From ‘Samba Jiji,’ the group changes things up in the very next song, the album’s title track. This time out, the group moves from the streets of Rio to the reggae sounds made so popular from so many Jamaican artists and acts. The use of the timbales alongside the more familiar reggae style sound and style from the guitars and the vocals (this time provided by another of the group’s members (the liner notes do not point out clearly which male member of the group handles the vocals here) makes for its own interesting musical approach. There is no question that the approach and sound presented here will keep listeners engaged and entertained.
As the album moves into its third song, ‘Road to Hermeto,’ the collective changes things yet again. It moves more in the direction of a light, Latin-tinged easy listening jazz approach and sound. The relaxing composition comes across as being comparable to works from the likes of Wes Montgomery and (to a slightly lesser degree) Pat Metheny.
Brasuka’s members don’t let the noted easy listening/Latin approach taken in ‘Road to Hermeto’stick, too long. Once that arrangement ends, the group takes listeners to Africa in ‘Marakandombe.’ What is interesting here is that even with the African influences, there is also a distinct R&B tinge to the composition. The balance of those influences together makes this song so unique in its own right.
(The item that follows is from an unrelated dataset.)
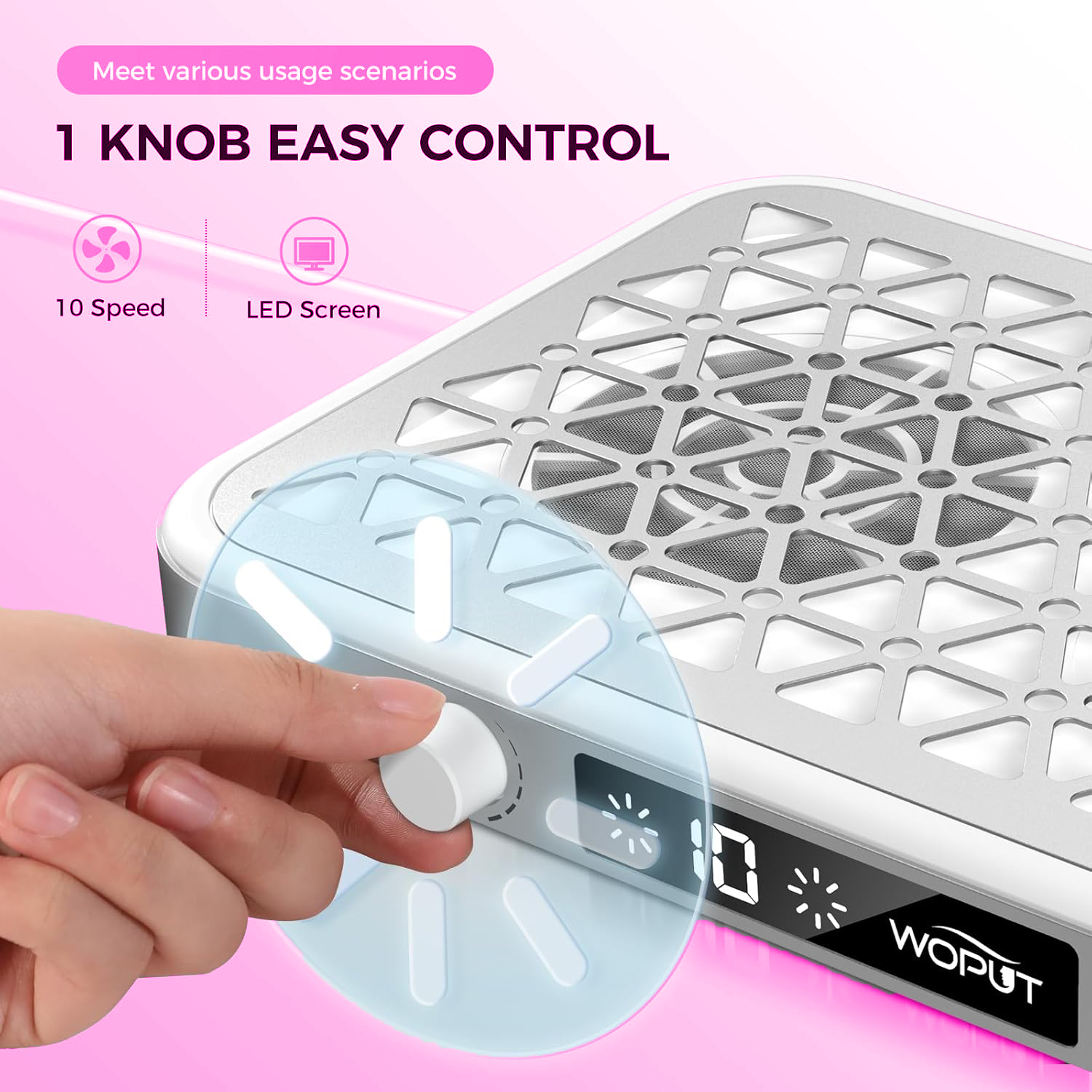 Dust and debris from filing, buffing, or acrylic work are easily drawn in by this portable, powerful nail dust collector, leaving your workspace tidy and the air fresh.

Audiences looking for more get just that in ‘Duesa Do Meu Carnaval,’ the record’s midpoint. Full translation is difficult here. Obviously it has to do with Carnival. The Latin influences are once again on display here, but the arrangement in whole boasts its own unique identity from its counterparts here through its light, fun sound and approach.
The song styles and sound change continually from that point on, with the record culminating on an upbeat, unique take of The Beatles’ Sgt. Pepper’s Lonely Hearts Club Band. The group’s Latin-tinged rock composition is completely unlike the original song even as it stays true to the original song. This take is far more upbeat and rocking. The use of the Hammond B-3 organ against the guitars, fun choral effect, and drums makes for so much enjoyment. This take is proof that sometimes, just sometimes, the remake can be and is better than the original song.
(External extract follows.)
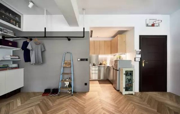 厨房、客厅、卧室和储藏室之间的墙被拆除,创造了一个开放空间,新的起居室和卧室之间的低分隔间产生了类似阁楼的效果,这允许一些隐私,但也让光线流经公寓
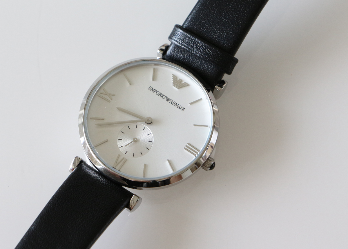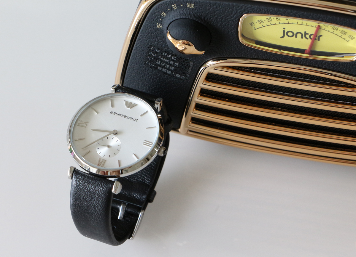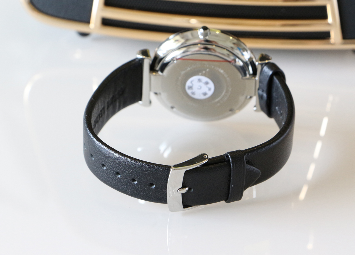 不过在体验过大直径表盘之后,阿玛尼这种洁白的表底、银色的不锈钢表盘、矿物质水晶镜面、黑色的皮质表带,会让人有种精致感。

Looking at the whole of this album’s musical arrangements, the whole of that content makes the record’s musical content entirely engaging and entertaining. It leaves audiences feeling that this group’s debut deserves a spot not only among the year’s top new jazz albums, but best World Music albums, too. It is only one of the album’s notable highlights, too. The record’s lyrical themes deserve their own share of attention.
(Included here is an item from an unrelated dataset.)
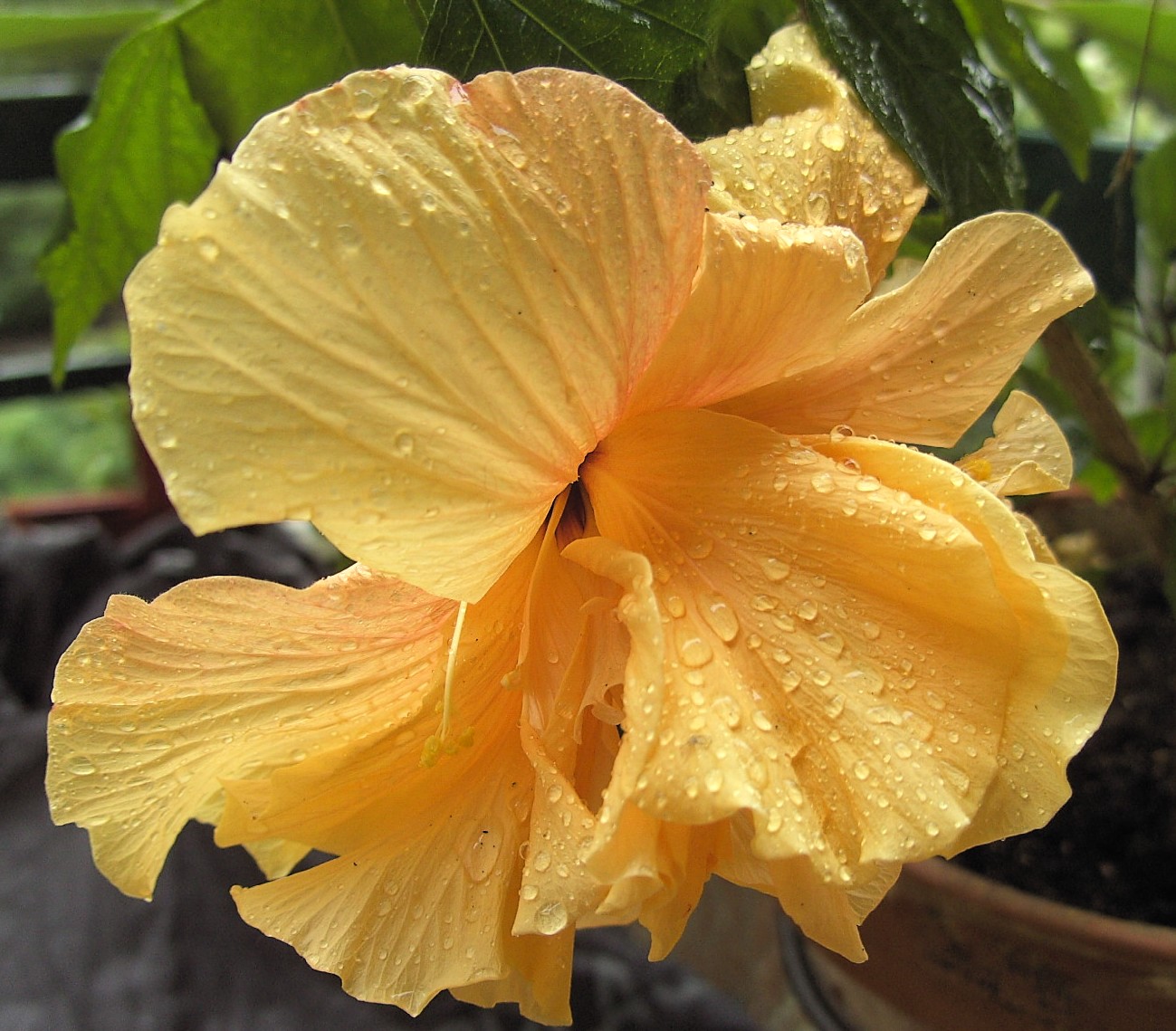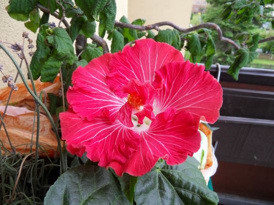 Meine Hibis haben sooooo vielversprechende dicke Knospen, aber bei dem Wetter wird und wird das nix. Schon wieder unter 10 Grad die Nächte! Nur mein lachsfarbener blüht unbeirrt pausenlos weiter! Freut sich wohl doch über den neuen Topf ganz für sich alleine, auch wenn er so viele Wurzeln lassen musste. Und Zimtspinne hat recht, die Blüten halten zur Zeit richtig lange, fast eine Woche sogar, glaub ich! Und sehen selbst regennass noch schön aus...

The lyrical themes featured in Brasuka’s debut album are of note because they are just as diverse as the record’s musical arrangements. Said content is outlined in concise fashion in the album’s packaging. For instance, the liner notes point out that ‘Duesa Do Meu Carnaval’ is essentially a love story. That helps to further decipher its English translation. The liner notes state here that the song, “tells the story of a man basking in the beauty of his love as she gracefully dances thesamba. She is the queen of his own personal Brazilian “carnaval.”
On a completely different note, the liner notes state of the late entry, ‘Praia Felix,” that is was inspired by a beach trip by Bozas. “Ricardo was so inspired, he wrote this song about his memories of the trip,” the liner notes point out. So again, here is a theme that is completely opposite from not only the previously examined song, but from everything else featured in the album.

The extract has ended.